Pascal: Yeah, so where are we actually today? Is there anything of what you've described available today or any cool demos that you can highlight?
Mahima: Oh my gosh, yes. We were very proud of this. We shipped our models very recently AssetGen and TextureGen are the two models that are in market today. Creators can use it in the Horizon tools. If you download the Horizon Tools on your pc, you can create for Horizon and our Gen AI tools amongst other Gen AI tools that horizon also offers, are easily accessible and they can be just leveraged and played with and stuff. We are of course, this is the beginning of the journey of 3D asset creation and 3Ds creation in general. That is again, very much on our roadmap is coming and we're working very actively towards that. So look out for that.
Pascal: Super exciting, and you just got ahead of me of the next question I was gonna ask, but I'm gonna ask it anyway. What is next for you and your team? What are you most excited about? Maybe there's more than what you've just discussed.
Rakesh: So, you know, as I said earlier in this podcast that 3D understanding and 3D generation. These two things, we view this as two sides of the same coin. And so far, like, you know, our team has worked on shipping a lot of AI models, which work on 3D understanding this is the perception stack that ships with every Quest device. And now we have 3D generation models, which can create 3D content. And our goal is to bring these two things very close to each other because if you understand the 3D world very well, you will generate 3D worlds very well. And if you can generate 3D worlds very well, you can understand 3D worlds very well. And this is the same kind of interplay you can already see today with, uh, native image models. The models that understand images really well can generate images really well, and that is essentially the research direction that my team is taking is bringing these two things together in the representation space so they have a common representation space for understanding perception and generation.
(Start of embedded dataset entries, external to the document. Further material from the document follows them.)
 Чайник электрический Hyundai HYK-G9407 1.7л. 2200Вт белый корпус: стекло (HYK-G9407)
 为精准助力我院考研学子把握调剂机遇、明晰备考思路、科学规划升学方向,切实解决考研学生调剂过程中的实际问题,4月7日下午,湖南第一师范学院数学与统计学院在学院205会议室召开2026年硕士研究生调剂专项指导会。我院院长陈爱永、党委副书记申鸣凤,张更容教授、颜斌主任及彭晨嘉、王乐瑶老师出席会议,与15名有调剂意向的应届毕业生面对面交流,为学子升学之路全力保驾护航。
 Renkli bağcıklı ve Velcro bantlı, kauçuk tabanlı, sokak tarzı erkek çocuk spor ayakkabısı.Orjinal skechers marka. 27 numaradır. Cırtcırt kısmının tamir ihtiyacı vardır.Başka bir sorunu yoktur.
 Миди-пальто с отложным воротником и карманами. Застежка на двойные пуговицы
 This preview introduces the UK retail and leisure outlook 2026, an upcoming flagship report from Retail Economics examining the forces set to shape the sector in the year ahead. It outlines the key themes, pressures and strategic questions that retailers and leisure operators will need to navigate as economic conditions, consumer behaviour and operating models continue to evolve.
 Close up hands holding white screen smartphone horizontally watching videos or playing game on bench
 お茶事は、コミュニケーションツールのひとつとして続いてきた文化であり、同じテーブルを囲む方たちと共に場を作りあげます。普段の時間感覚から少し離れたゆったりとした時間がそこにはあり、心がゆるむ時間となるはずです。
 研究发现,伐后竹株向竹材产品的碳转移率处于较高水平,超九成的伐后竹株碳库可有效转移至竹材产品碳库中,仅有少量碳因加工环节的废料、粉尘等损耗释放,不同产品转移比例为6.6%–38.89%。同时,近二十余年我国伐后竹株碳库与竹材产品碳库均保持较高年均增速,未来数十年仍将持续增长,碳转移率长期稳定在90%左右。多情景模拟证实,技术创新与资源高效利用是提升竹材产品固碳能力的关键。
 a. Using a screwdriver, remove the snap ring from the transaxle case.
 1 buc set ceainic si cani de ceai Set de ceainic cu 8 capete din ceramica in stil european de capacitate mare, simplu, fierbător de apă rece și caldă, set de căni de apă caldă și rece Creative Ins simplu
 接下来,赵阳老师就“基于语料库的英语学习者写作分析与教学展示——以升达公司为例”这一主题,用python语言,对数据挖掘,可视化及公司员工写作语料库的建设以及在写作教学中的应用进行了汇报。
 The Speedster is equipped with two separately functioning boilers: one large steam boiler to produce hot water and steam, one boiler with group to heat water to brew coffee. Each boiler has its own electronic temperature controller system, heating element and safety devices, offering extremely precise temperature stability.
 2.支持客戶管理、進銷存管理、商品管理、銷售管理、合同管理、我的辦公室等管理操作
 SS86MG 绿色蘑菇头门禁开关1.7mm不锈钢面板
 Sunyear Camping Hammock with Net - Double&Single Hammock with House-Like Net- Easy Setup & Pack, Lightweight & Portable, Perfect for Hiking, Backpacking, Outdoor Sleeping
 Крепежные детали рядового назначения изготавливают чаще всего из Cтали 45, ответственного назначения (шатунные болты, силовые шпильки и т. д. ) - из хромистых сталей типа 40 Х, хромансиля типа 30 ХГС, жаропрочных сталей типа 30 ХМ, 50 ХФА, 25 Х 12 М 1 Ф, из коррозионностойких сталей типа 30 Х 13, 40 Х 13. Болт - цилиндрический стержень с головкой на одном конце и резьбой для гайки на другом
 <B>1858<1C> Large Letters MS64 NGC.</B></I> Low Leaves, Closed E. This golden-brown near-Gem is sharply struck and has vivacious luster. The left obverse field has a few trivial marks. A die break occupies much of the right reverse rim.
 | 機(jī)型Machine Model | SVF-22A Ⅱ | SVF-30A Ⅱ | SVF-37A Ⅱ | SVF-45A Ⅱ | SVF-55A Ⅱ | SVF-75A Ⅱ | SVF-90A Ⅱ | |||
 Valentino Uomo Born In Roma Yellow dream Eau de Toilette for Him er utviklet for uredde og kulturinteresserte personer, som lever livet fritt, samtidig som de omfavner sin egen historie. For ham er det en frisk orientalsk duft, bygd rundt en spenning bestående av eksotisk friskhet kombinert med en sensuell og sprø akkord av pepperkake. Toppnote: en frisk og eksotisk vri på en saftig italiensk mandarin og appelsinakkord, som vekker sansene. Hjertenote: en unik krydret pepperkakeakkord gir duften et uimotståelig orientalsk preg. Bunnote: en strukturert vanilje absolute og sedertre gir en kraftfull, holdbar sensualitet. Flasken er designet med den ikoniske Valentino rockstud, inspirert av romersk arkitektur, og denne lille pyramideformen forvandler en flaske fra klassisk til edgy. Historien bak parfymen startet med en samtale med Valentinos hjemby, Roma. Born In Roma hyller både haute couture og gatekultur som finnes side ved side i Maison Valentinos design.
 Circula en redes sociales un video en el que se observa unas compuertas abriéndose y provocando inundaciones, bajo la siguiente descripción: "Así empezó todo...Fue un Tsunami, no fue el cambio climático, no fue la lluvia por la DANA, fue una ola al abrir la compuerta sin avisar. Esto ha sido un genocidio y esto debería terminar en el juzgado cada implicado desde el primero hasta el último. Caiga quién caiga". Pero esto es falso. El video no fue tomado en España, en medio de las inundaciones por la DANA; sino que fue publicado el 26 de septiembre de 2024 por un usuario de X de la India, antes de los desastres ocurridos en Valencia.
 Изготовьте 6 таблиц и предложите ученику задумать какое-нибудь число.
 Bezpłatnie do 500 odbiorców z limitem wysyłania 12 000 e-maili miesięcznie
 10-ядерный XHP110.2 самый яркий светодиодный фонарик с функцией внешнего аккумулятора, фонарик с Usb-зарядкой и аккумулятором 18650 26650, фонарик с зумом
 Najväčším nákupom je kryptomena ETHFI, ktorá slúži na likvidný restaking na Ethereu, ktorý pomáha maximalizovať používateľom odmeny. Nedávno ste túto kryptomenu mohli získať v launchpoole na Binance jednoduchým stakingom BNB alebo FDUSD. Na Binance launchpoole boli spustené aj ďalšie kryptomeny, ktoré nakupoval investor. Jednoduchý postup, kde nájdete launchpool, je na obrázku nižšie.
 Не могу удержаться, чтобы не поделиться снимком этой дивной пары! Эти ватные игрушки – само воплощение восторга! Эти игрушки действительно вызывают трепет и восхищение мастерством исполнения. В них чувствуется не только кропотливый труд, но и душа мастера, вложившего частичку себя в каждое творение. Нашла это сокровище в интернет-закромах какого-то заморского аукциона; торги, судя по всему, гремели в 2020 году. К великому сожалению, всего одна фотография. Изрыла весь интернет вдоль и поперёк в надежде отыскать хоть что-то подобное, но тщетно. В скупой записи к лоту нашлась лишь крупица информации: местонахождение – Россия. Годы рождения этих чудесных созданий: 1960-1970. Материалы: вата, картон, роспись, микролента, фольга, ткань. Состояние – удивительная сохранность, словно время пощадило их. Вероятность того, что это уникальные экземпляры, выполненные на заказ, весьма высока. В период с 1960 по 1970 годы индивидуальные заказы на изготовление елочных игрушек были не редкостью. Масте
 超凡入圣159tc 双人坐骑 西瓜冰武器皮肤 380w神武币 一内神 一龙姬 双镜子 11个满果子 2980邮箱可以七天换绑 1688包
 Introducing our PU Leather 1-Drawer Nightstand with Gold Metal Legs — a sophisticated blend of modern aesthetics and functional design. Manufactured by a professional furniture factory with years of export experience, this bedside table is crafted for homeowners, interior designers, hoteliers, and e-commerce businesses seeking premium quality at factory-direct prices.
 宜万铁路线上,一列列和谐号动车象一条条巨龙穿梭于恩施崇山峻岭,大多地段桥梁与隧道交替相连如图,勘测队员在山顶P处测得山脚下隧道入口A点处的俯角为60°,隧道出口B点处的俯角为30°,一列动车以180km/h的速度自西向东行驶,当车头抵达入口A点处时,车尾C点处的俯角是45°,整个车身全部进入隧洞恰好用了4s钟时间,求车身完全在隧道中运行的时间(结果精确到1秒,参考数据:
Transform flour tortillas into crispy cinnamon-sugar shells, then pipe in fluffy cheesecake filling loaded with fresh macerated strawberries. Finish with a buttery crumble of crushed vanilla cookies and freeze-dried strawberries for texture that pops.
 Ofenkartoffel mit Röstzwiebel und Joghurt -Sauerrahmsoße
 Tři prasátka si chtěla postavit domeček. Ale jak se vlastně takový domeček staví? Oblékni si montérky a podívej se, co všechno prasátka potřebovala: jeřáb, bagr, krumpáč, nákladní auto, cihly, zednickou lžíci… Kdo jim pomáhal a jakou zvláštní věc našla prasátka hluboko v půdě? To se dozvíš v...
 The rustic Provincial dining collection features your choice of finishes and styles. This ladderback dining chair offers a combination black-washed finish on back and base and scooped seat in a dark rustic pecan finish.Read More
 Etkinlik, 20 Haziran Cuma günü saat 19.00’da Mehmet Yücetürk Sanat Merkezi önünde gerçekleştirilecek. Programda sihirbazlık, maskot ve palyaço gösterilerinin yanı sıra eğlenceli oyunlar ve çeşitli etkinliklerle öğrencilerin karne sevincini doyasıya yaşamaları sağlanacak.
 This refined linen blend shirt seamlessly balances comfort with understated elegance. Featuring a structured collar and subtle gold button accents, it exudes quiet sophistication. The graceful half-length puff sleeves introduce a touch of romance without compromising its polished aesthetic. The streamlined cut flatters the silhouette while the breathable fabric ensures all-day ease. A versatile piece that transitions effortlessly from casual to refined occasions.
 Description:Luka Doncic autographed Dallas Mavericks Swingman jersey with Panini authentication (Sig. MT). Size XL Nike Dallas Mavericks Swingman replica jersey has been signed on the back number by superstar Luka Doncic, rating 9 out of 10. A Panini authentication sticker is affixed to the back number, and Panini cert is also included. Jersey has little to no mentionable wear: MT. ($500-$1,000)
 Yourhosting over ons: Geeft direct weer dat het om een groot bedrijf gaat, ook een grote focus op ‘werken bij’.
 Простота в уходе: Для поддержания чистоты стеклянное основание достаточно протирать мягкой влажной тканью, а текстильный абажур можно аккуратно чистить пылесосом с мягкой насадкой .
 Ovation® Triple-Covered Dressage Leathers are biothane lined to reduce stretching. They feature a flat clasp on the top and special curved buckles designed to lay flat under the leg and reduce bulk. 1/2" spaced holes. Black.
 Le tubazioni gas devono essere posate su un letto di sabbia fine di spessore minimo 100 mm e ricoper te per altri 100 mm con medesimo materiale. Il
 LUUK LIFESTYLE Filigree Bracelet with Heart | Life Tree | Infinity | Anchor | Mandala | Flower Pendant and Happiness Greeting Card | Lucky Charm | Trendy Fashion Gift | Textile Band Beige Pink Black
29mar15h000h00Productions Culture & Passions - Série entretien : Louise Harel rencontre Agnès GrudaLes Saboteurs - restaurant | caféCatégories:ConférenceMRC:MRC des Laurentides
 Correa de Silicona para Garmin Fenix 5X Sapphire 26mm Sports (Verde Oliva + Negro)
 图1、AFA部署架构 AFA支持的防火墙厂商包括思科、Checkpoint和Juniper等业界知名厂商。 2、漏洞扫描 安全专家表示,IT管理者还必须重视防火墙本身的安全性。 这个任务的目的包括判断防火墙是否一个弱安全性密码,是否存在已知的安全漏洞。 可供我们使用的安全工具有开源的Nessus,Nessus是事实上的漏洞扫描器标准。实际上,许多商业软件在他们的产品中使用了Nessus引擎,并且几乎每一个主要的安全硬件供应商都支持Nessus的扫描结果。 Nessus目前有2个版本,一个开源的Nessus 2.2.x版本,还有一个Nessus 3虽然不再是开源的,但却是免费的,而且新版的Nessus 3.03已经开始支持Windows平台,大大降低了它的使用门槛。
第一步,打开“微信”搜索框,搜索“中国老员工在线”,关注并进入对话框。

And this is a really exciting field. It's a cutting edge that brings together all of the AI research in LLMs in 3D computer vision, in perception, in generation. It's, it's, it's super awesome. It's very engaging.
Pascal: Yeah. Even for a lay person like me, it is quite surprising how much you can leverage developments that happen in other spaces, like the image diffusion models and LLMs and how you fuse everything together. Mahima, do you have something to add?
Mahima: Now, I was gonna say, and, and to round this out, I will start, I will end where we started, which is that the world is 3D. Right. We exist in a 3D world. We don't exist in a 2D world. Everything around us, we think in 3D, we operate in 3D. We interact with this world in 3D. And the work that Rakesh and team have been doing is just, just just the very first tip of the iceberg of amount of innovation that's possible and the opportunities that we can create for Meta and for our users worldwide.
On how to think in 3D, how to operate in 3D, how to create 3D and the applications are just massive, right? Horizon and Horizon Worlds is the first thing that we wanna solve because we know it is a company priority. But think about autonomous, you know, driving autonomous vehicles and agents training a world where things can be easily understood through simulations. I mean, these are. There's just so many opportunities that this technology can unlock for us, and we're very, very excited to be a part of this.
Pascal: It is very exciting indeed, but we are running out of time, so at this point, all I have to say is thank you both for creating brand new tools for allowing us to express ourselves in 3D and joining me here on the Meta Tech Podcast.
Mahima: Thank you for having us. This was so fun.